--- Excerpted data ---
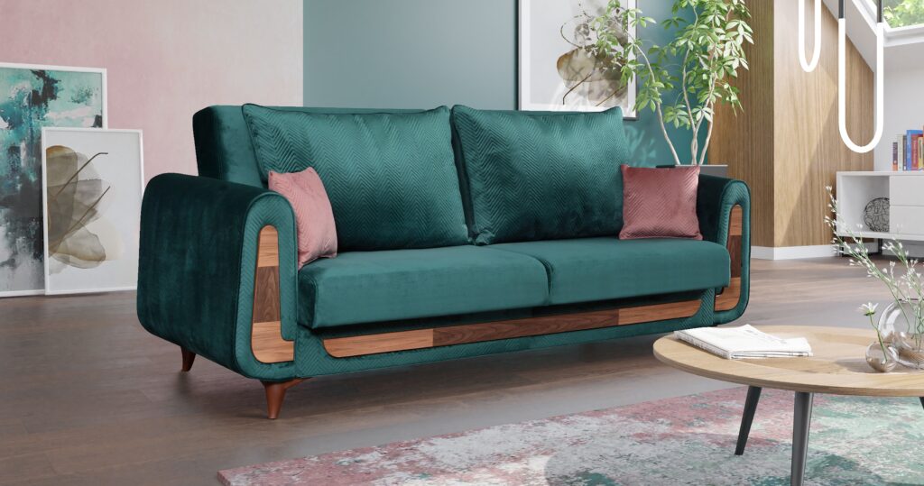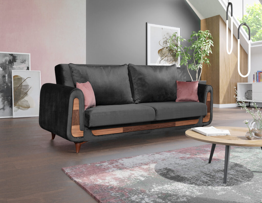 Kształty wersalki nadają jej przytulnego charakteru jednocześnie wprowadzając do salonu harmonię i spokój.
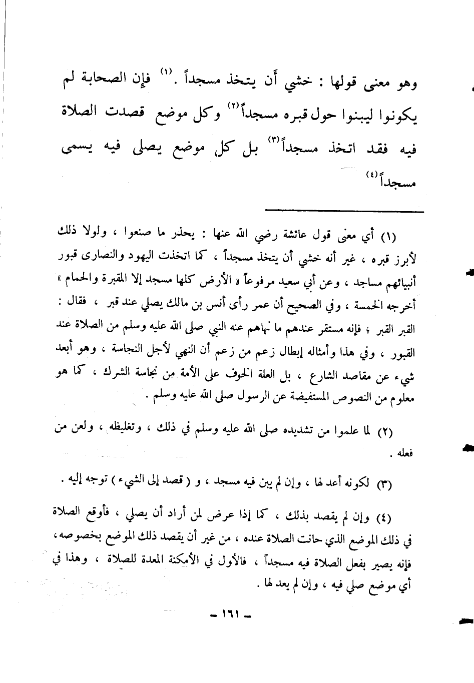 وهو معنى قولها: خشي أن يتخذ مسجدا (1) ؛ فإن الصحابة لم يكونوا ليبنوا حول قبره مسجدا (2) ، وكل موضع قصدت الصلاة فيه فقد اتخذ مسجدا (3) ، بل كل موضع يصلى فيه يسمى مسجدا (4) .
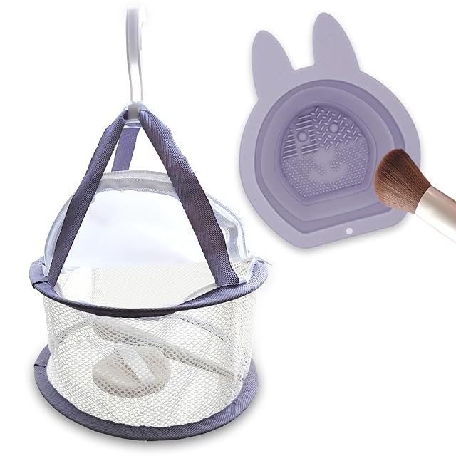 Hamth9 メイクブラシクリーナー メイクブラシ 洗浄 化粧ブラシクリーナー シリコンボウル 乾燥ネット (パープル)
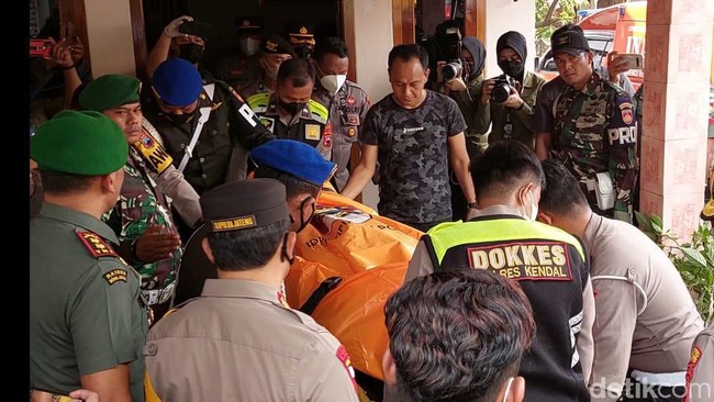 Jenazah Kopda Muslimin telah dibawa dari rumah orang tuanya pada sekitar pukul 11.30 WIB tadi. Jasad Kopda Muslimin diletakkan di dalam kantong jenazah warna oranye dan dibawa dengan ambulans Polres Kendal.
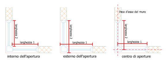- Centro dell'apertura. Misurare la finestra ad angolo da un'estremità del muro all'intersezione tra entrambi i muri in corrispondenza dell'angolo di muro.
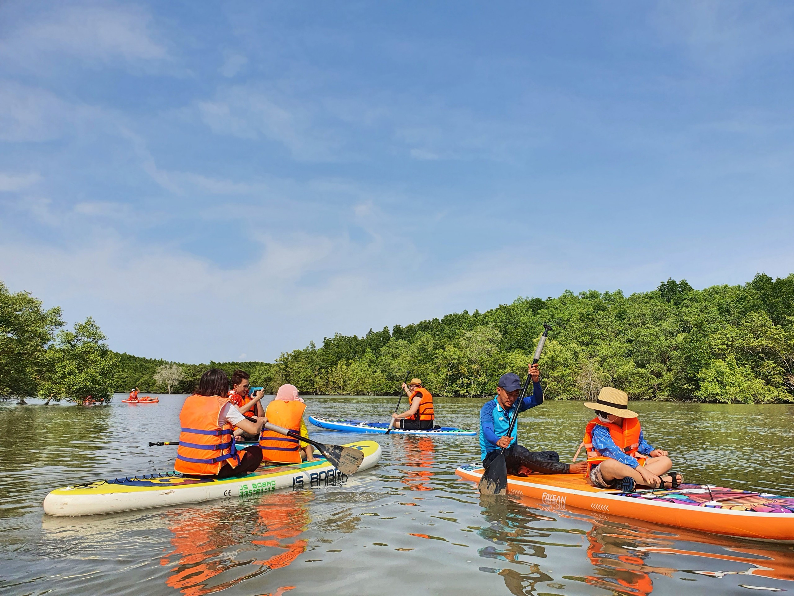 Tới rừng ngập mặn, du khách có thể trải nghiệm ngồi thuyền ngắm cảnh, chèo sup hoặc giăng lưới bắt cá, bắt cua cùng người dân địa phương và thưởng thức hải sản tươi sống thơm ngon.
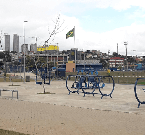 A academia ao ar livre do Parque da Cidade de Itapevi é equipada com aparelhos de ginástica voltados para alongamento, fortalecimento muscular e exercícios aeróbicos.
---
--- Excerpted data ---
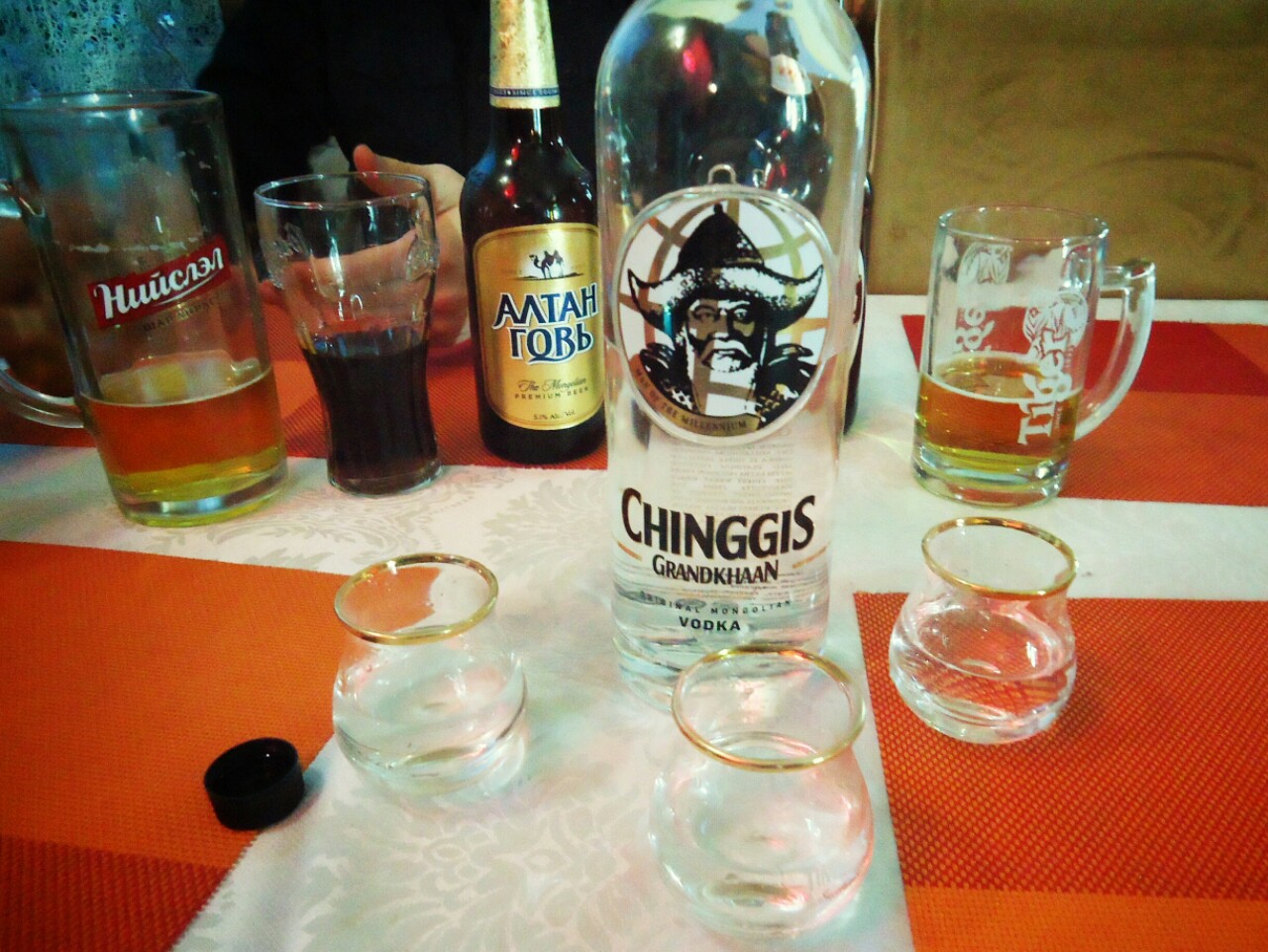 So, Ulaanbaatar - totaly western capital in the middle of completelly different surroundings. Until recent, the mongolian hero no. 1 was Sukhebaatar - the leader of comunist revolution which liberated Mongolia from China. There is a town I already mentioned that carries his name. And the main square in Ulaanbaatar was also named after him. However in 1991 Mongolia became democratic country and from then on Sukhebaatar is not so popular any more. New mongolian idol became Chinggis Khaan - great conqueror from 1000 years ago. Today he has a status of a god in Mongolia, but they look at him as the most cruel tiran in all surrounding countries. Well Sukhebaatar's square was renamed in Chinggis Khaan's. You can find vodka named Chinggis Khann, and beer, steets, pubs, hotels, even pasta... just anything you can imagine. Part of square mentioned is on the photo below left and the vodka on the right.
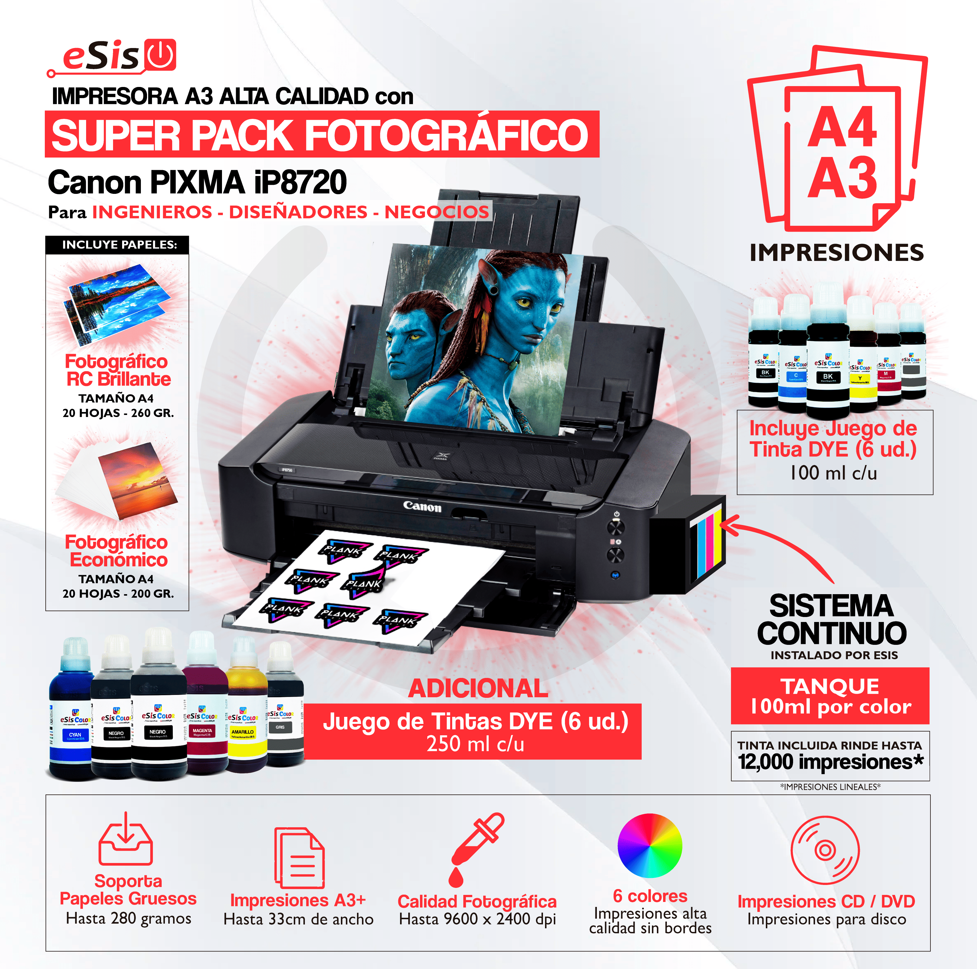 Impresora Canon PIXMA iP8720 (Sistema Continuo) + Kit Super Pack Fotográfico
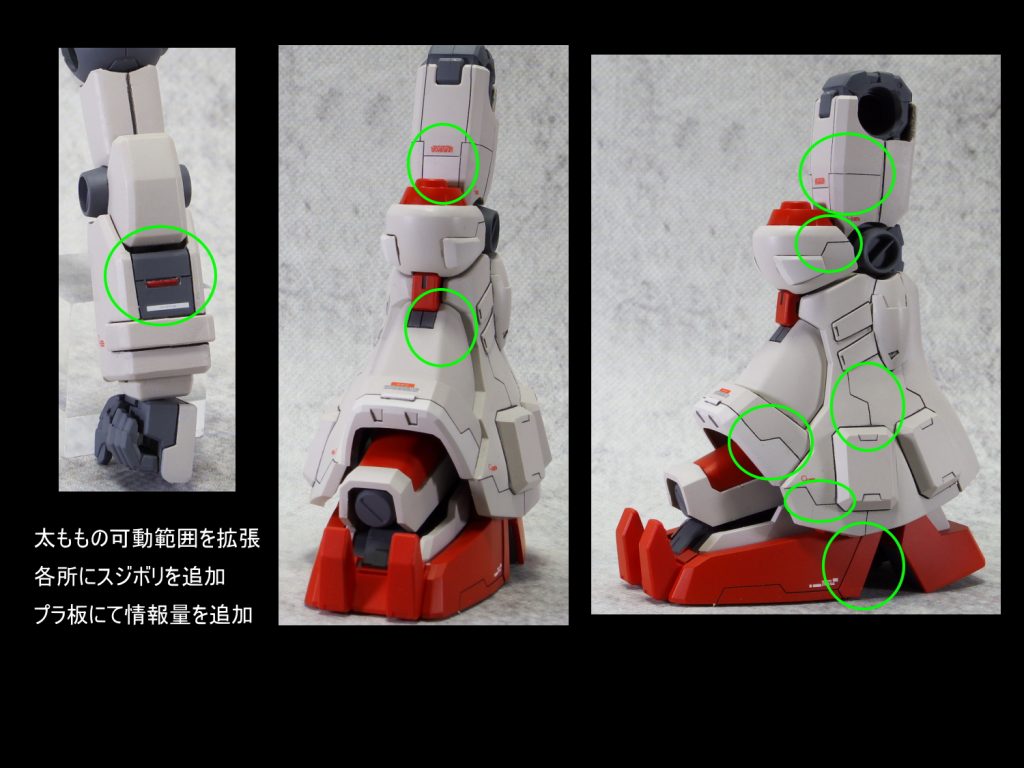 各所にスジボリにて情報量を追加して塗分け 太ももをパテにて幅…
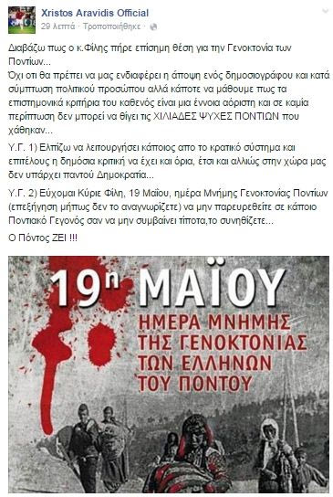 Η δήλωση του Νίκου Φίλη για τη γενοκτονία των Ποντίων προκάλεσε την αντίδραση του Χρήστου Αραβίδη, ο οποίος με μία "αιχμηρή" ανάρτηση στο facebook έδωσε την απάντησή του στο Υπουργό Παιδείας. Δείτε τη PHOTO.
---
● Exercise instructions: While skipping the pictures, transcribe the data above from the line showing "Kształty wersalki nadają" through the line showing "Hamth9 メイクブラシクリーナー メイクブラシ", exactly and with both ends.

● Written solution:
 Kształty wersalki nadają jej przytulnego charakteru jednocześnie wprowadzając do salonu harmonię i spokój.
 وهو معنى قولها: خشي أن يتخذ مسجدا (1) ؛ فإن الصحابة لم يكونوا ليبنوا حول قبره مسجدا (2) ، وكل موضع قصدت الصلاة فيه فقد اتخذ مسجدا (3) ، بل كل موضع يصلى فيه يسمى مسجدا (4) .
 Hamth9 メイクブラシクリーナー メイクブラシ 洗浄 化粧ブラシクリーナー シリコンボウル 乾燥ネット (パープル)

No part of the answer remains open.